Xavier: Toward Better Coding Assistance in Authoring Tabular Data Wrangling Scripts

TL;DR

This work tackles the misalignment between data contexts and AI-driven code completions in data wrangling tasks. It introduces Xavier, a computational notebook extension that couples code context with three-dimensional data contexts (tables, columns, rows) to deliver data-context-aware code suggestions, automatic data highlighting, and real-time transformation previews. A preliminary study informs design requirements, and a user study with 16 analysts demonstrates that Xavier substantially reduces context switches and errors during scripting, with positive user feedback on its transparency and verification aids. The findings suggest that integrating data contexts into coding assistance can significantly improve the efficiency, accuracy, and trust of data wrangling workflows, with potential for broader adoption across data tools and languages.

Abstract

Data analysts frequently employ code completion tools in writing custom scripts to tackle complex tabular data wrangling tasks.
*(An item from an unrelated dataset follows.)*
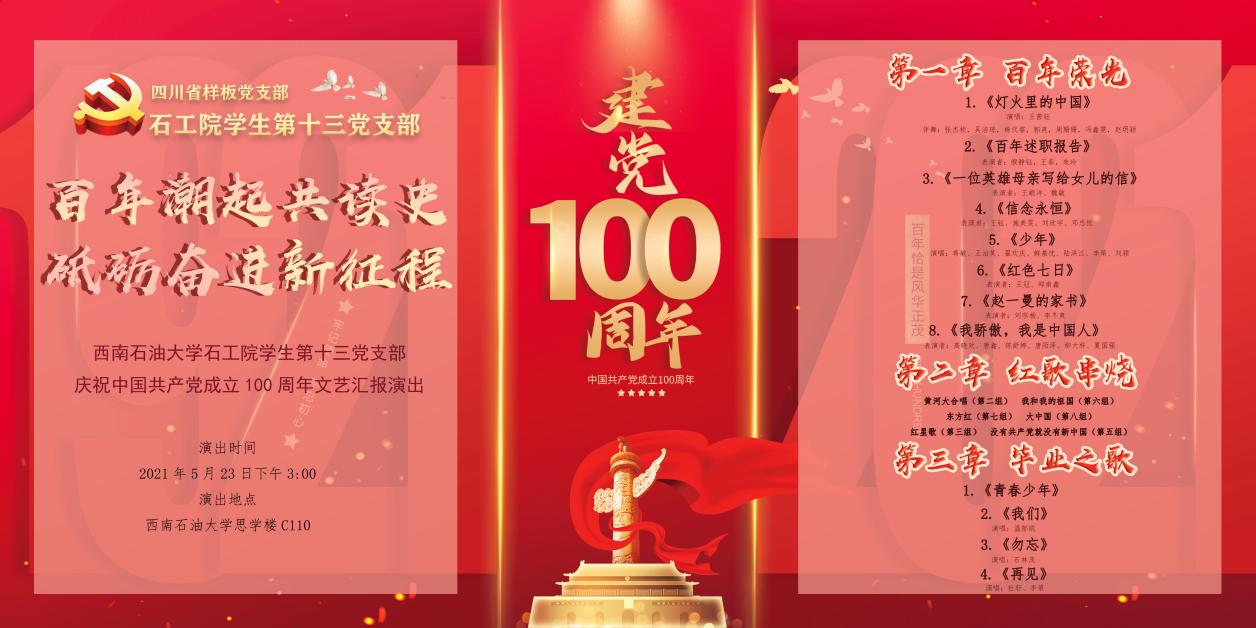 為慶祝中國共產黨成立100周年,扎實推進黨史學習教育,引導青年學生唱響愛黨愛國的時代主旋律,在中國共產黨成立100周年之際,石工院學生第十三黨支部為中國共產黨頌歌...[詳細]

However, existing tools do not sufficiently link the data contexts such as schemas and values with the code being edited. This not only leads to poor code suggestions, but also frequent interruptions in coding processes as users need additional code to locate and understand relevant data. We introduce Xavier, a tool designed to enhance data wrangling script authoring in computational notebooks. Xavier maintains users' awareness of data contexts while providing data-aware code suggestions. It automatically highlights the most relevant data based on the user's code, integrates both code and data contexts for more accurate suggestions, and instantly previews data transformation results for easy verification. To evaluate the effectiveness and usability of Xavier, we conducted a user study with 16 data analysts, showing its potential to streamline data wrangling scripts authoring.

Paper Structure

This paper contains 35 sections, 7 figures.

Figures (7)

  • Figure 1: The timelines of observed activities of each participant during the code authoring experiment. DI and CA refer to Data Inspection and Code Authoring, respectively. Users may profile data (DI_1), verify results (DI_2), create new transformations (CA_1) or modify the written code (CA_2) during scripting. To facilitate comparison, we scaled the duration of activities by normalizing each participant's total time spent on code authoring.
  • Figure 2: The workflow of Xavier. The input of Xavier consists of code in the editor (A1) and DataFrames in the notebook kernel (A2). The code is divided into the complete part and the incomplete part by the code context manager (B1) where the incomplete code is further parsed. Data contexts for each DataFrame are pre-calculated in the data context manager (B2) since the last run of code. The complete code, the parsing result and data contexts are transferred to completion generator (B3) for data context-aware code suggestions (C1). Meanwhile, Xavier highlights the most relevant data based on user's code and the completion suggestions in the data view, previewing transformation results to facilitate code verification (C2).
  • Figure 3: The usage scenario of automatic data context highlighting. A) Xavier detected the existing DataFrame "joined" and showed the corresponding schema. B) When Sarah was selecting the suggested column names for the partial code (B1), Xavier displayed sample rows of the DataFrame "joined" and highlighted relevant columns based on Sarah's code and the selected suggestion (B2). C) Finally, Sarah selected three columns which were highlighted by Xavier.
  • Figure 4: The usage scenario of real-time transformation preview. When Sarah switched to a completion item about column format transformation (A), Xavier automatically computed the transformation result and added a preview column (B2) to the right of the original column (B1), with bold text in changed table cells.
  • Figure 5: Three preview forms of Xavier. A) For the column format transformation, a new column is created to the right of the original column. B) For the table filtering transformation, rows to be deleted are highlighted. C) For transformations that generate a new table or change the whole table (e.g. Sort movies by total votes. For movies having equal total votes, sort them by country names), both the original table and the result table are displayed.